PyData London 2023

Mastering Great Expectations: Ensuring Data Quality in Your Data Pipelines.
06-03, 15:45–16:25 (Europe/London), Warwick

Join me as we dive into the world of Great Expectations, an open-source tool that helps data driven teams ensure their pipelines deliver high-quality data. You will be introduced to the key concepts of Great Expectations, including data validation, documentation and lineage. Plus, I'll show you how to set up Great Expectations in a cloud environment, using Google Cloud Platform as an example. By the end of this talk, you'll have a solid understanding of how Great Expectations can improve the reliability and correctness of your datasets and transformations.
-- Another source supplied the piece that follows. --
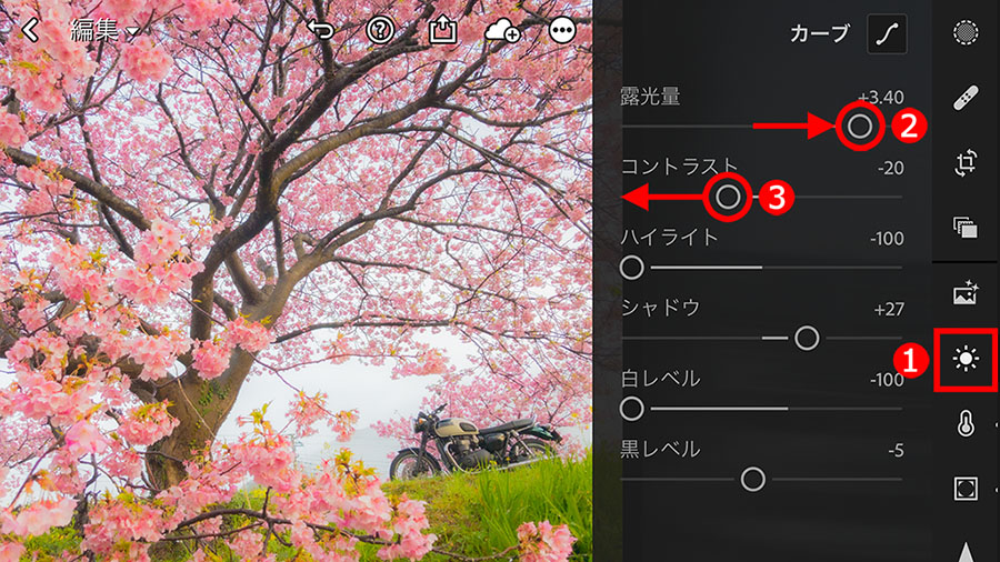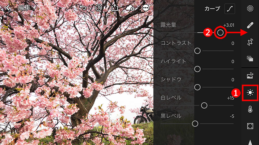明るくする調整は、①「ライト」ボタンをタップして、②「露光量」スライダーを右に移動することで実行できます。この段階は仮の調整なので、「普通に見える明るさ」にしておくと続きの作業がしやすくなります。

In this talk, I will cover the key concepts of Great Expectations, including how to connect to a data source, bundle different expectations into a suite, and test data against different expectations. You'll also learn how to formulate expectations in pure Python and translate them into configuration YAML files that can be stored in different storage environments. You'll also get to see the data documentation tool, so-called data-docs, which makes it easy to identify potential issues in case not all validations were successful.

Finally, I will give you an overview of the customization possibilities for expectations and how this setup can be used in a scheduled ETL workflow, as well as strategic hints for distinguishing between necessary expectations and optional conditions. Don't miss this opportunity to learn how Great Expectations can help you ensure the reliability and efficiency of your data validation.


Prior Knowledge Expected

No previous knowledge expected

Carsten works as a data science consultant for Datadrivers, a consulting company based in Hamburg.
After working in risk management and graduating in mathematics, he entered the field five years ago. He focuses on the development of end2end AI solutions for customers in various industries, preferably in the cloud.